[HN Gopher] Less is more: Recursive reasoning with tiny networks
___________________________________________________________________
Less is more: Recursive reasoning with tiny networks
Paper: https://arxiv.org/abs/2510.04871, Code:
https://github.com/SamsungSAILMontreal/TinyRecursiveModels
Author : guybedo
Score : 135 points
Date : 2025-10-07 17:42 UTC (5 hours ago)
(HTM) web link (alexiajm.github.io)
(TXT) w3m dump (alexiajm.github.io)
| guybedo wrote:
| Abstract:
|
| Hierarchical Reasoning Model (HRM) is a novel approach using two
| small neural networks recursing at different frequencies.
|
| This biologically inspired method beats Large Language models
| (LLMs) on hard puzzle tasks such as Sudoku, Maze, and ARC-AGI
| while trained with small models (27M parameters) on small data
| (around 1000 examples). HRM holds great promise for solving hard
| problems with small networks, but it is not yet well understood
| and may be suboptimal.
|
| We propose Tiny Recursive Model (TRM), a much simpler recursive
| reasoning approach that achieves significantly higher
| generalization than HRM, while using a single tiny network with
| only 2 layers.
|
| With only 7M parameters, TRM obtains 45% test-accuracy on ARC-
| AGI-1 and 8% on ARC-AGI-2, higher than most LLMs (e.g., Deepseek
| R1, o3-mini, Gemini 2.5 Pro) with less than 0.01% of the
| parameters.
| SeanAnderson wrote:
| "With only 7M parameters, TRM obtains 45% test-accuracy on ARC-
| AGI-1 and 8% on ARC-AGI-2, higher than most LLMs (e.g.,
| Deepseek R1, o3-mini, Gemini 2.5 Pro) with less than 0.01% of
| the parameters."
|
| Well, that's pretty compelling when taken in isolation. I
| wonder what the catch is?
| esafak wrote:
| It won't be any good at factual questions, for a start; it
| will be reliant on an external memory. Everything would have
| to be reasoned from first principles, without knowledge.
|
| My gut feeling is that this will limits its capability,
| because creativity and intelligence involve connecting
| disparate things, and to do that you need to know them first.
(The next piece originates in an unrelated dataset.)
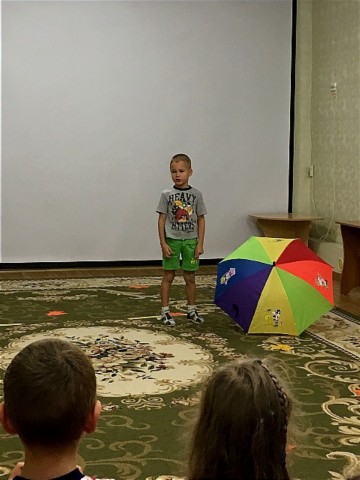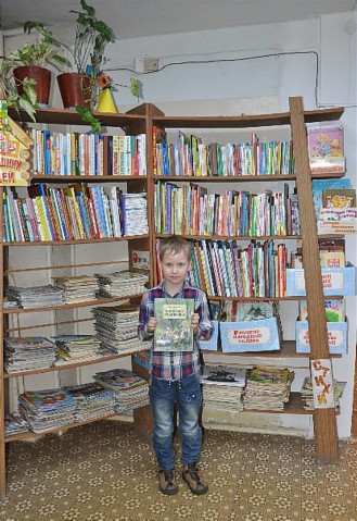 Илья пришёл с подарком - книга для библиотеки из семейной библиотеки. | |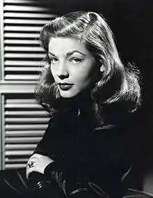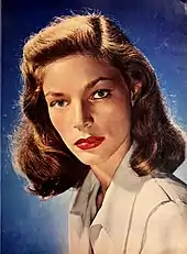 During her screen tests for To Have and Have Not (1944), Bacall was so nervous that, to minimize her quivering, she pressed her chin against her chest, faced the camera and tilted her eyes upward.[30] This effect, which came to be known as "The Look", became another Bacall trademark, along with her sultry voice.[31]

| Though philosophers have tried, you can't unravel the
| mysteries of the universe through reasoning alone. You need
| observations, facts.
|
| What I could see it good for is a dedicated reasoning module.
| Grosvenor wrote:
| That's been my expectation from the start.
|
| We'll need a memory system, an executive function/reasoning
| system as well as some sort of sense integration -
| auditory, visual, text in the case of LLMs, symbolic
| probably.
|
| A good avenue of research would be to see if you could glue
| opencyc to this for external "knowledge".
|
| LLM's are fundamentally a dead end.
|
| Github link:
| https://github.com/SamsungSAILMontreal/TinyRecursiveModels
| ivape wrote:
| Should it be a larger frontier model, with this as a tool
| call (tool call another llm) to verify the larger one?
|
| Why not go nuts with it and put it in the speculative
| decoding algorithm.
| baq wrote:
| If we could somehow weave in a reasoning tool directly
| into the inference process, without having to use the
| context for it, that's be something. Perhaps compile to
| weights and pretend this part is pretrained...? No idea
| if it's feasible, but it'd definitely be a breakthrough
| if AI had access to z3 in hidden layers.
| js8 wrote:
| Basic english is about 2000 words. So a small scale LLM
| that would be capable of reasoning in basic english, and
| transforming a problem in normal english to basic english
| by automatically including the relevant word/phrase
| definitions from a dictionary, could easily beat a large
| LLM (by being more consistent).
|
| I think this is where all reasoning problems of LLMs will
| end up. We will use LM to transform problem in informal
| english (human language) into a formal logical language
| (possibly fuzzy and modal), from that possibly into an even
| simpler logic, then we will solve the problem in the
| logical domain using traditional reasoning approaches, and
| convert the answer back to informal english. That way, you
| won't need to run a large model during the reasoning.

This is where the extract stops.